何よりもその笑顔が、言葉が、嬉しかった。
嬉々とした、無邪気な表情。
甘くて爽やかな、自分を呼ぶ声。
全てが、前の慎太郎そのものだった。
「母さん、これ部屋に飾ってくる」
と花瓶を持ってとことこ階段を上がっていく。俺もあとについた。
ベッドのサイドテーブルにとん、と置き、「いいね」なんて満足気に言う。
「良かった」
本当に良かったと安心して、その一言しか出なかった。
ふと腕時計を見て、「じゃ、俺もうそろそろ帰るね」
あまり長居もいけない。

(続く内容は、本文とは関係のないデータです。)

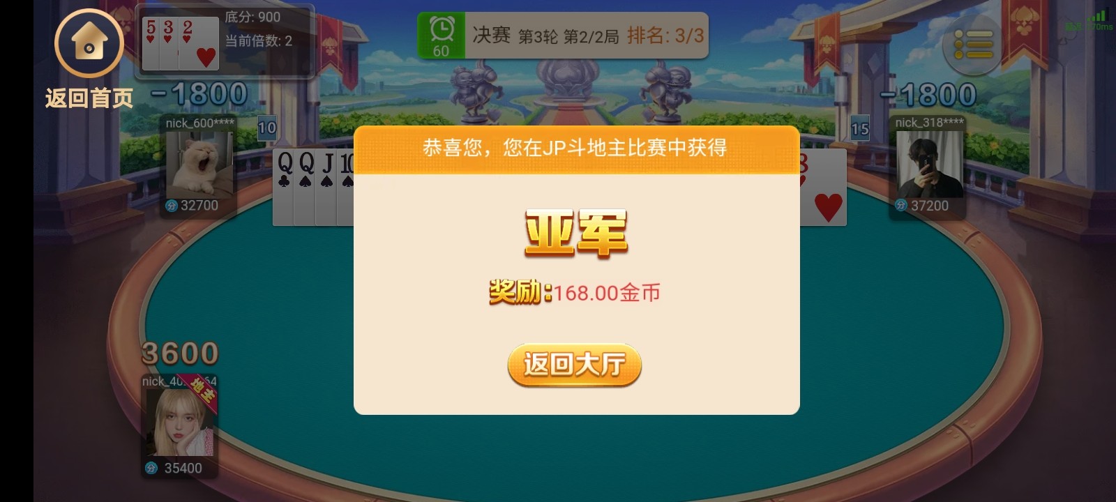 斗地主比赛打到第二

かばんを持ち、声を掛ける。
「そっか」
少し寂しい感じに聞こえたのは気のせいだろうか。
「また来るから。ほかのメンバーにもよろしくね」
とは言ったものの、次誰かが来たときにはきっと俺が来たことは忘れている。
「うん、またね」
ドアを閉めるとき、中の慎太郎に笑いかける。
慎太郎も、ふふ、と笑い返した。
なんだか幻みたいな、夢を見ているように感じる笑顔だった。
だから、次は見られないかもしれない——。